Taking the data below, please print only the lines from the line holding "Der geübte Beobachter" to the line holding "(2)2022年11月29日", inclusive, with pictures omitted.

### Raw data

▬▬▬▬▬▬

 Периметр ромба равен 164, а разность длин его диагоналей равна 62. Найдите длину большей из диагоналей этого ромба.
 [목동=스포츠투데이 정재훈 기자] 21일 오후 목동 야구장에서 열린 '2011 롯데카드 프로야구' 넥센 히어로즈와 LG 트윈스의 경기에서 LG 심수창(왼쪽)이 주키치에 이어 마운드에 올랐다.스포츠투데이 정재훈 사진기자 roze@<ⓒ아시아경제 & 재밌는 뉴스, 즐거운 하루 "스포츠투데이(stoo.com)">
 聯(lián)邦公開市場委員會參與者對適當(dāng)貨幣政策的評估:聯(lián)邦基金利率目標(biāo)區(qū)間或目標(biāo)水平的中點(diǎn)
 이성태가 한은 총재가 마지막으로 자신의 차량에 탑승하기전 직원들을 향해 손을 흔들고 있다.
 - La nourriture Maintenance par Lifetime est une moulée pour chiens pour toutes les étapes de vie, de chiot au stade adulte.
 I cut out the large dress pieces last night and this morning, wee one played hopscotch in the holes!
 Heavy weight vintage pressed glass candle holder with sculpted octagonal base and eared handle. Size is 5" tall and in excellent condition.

▬▬▬▬▬▬

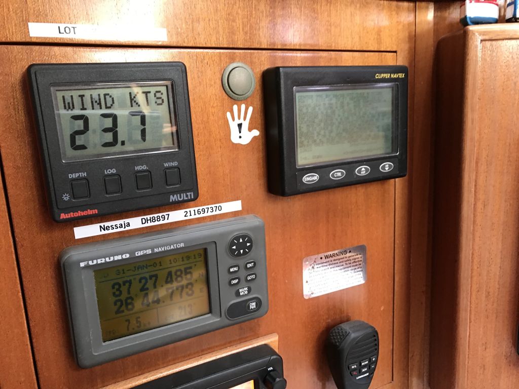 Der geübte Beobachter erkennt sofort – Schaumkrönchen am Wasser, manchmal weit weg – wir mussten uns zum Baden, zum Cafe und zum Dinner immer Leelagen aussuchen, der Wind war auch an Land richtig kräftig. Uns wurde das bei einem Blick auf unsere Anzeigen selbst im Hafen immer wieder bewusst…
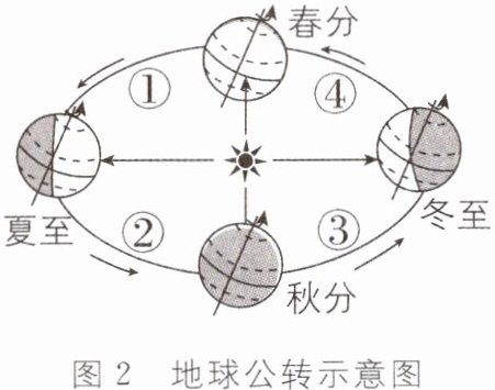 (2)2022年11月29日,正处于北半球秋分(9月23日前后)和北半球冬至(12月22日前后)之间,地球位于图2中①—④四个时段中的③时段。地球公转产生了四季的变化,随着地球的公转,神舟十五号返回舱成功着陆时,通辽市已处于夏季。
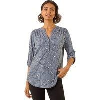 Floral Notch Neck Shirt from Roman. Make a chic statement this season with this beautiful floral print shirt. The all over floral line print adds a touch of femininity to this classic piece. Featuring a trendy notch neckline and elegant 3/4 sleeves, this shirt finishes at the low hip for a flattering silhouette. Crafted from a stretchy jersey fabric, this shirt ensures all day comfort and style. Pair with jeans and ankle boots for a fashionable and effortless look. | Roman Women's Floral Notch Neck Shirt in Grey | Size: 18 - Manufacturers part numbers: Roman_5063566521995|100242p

▬▬▬▬▬▬

### Output below
 Der geübte Beobachter erkennt sofort – Schaumkrönchen am Wasser, manchmal weit weg – wir mussten uns zum Baden, zum Cafe und zum Dinner immer Leelagen aussuchen, der Wind war auch an Land richtig kräftig. Uns wurde das bei einem Blick auf unsere Anzeigen selbst im Hafen immer wieder bewusst…
 (2)2022年11月29日,正处于北半球秋分(9月23日前后)和北半球冬至(12月22日前后)之间,地球位于图2中①—④四个时段中的③时段。地球公转产生了四季的变化,随着地球的公转,神舟十五号返回舱成功着陆时,通辽市已处于夏季。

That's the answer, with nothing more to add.